We find that the majority of the computation time is spent on model generation: the median generation time for the Uclid5 model is 2.93 seconds, and the median generation time for the SMT formulas from the Uclid5 model is 12.15 seconds. However, once the SMT models are generated, solving them is very fast: the median solve time by Z3 is 0.31 seconds. The median total time is 15.9 seconds. Figure 6 shows the distributions of our benchmark result. The total time scales almost linearly as the LF lines of code (LF LOC) and \(\hat{\mathcal {CT}}\) increase.
Fig. 6.
8 Conclusion and Future Work
In this paper, we present a methodology for building verifiable Cyber-Physical Systems using Lingua Franca. We specify CPS applications in LF, which provide language primitives for time and concurrency, and automatically generate axiomatic models in Uclid5 directly from LF programs to perform BMC. The properties of interest in this work are safety properties specified as Safety MTL formulas. Our axiomatic approach is sound w.r.t. all valid LF runtime implementations, and to ensure completeness of BMC, we present an algorithmic method to compute an upper bound on the completeness threshold. We implement our automated verification workflow in the LF Verifier, and our evaluation shows that the LF Verifier can effectively check a suite of benchmark programs fully automatically.

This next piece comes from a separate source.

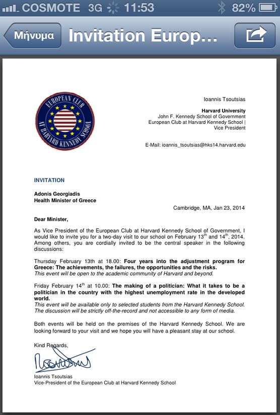 Η ουσία είναι ότι ο υπουργός επιβεβαιώνει με την πρόσκληση που δημοσιοποίησε, όλα τα ρεπορτάζ των προηγούμενων ημερών ότι τον κάλεσε το European club of Harvard Kennedy School και συγκεκριμένα ο αντιπρόεδρος του club Ιωάννης Τσούτσιας.

For the future work of the LF Verifier, it is our plan to include larger programs (in terms of lines of LF code) in the benchmark suite and make the LF Verifier more scalable. To tame the explosion of complexity, we plan to explore two strategies: (i) detecting reactors in an LF program that do not affect the truth value of a given property using static analysis and remove them from the axiomatic model, and (ii) using assume-guarantee reasoning to support compositional verification based on the modular structure of LF. In addition, we plan to support more complex C reaction bodies by expanding our “C AST Builder” or by offloading C code to external frameworks such as CBMC [44]. We also aim to support unbounded verification by potentially leveraging temporal induction [5]. Furthermore, we hope to support other LF features including physical actions, deadlines, modal models, etc. We leave these improvements for future work.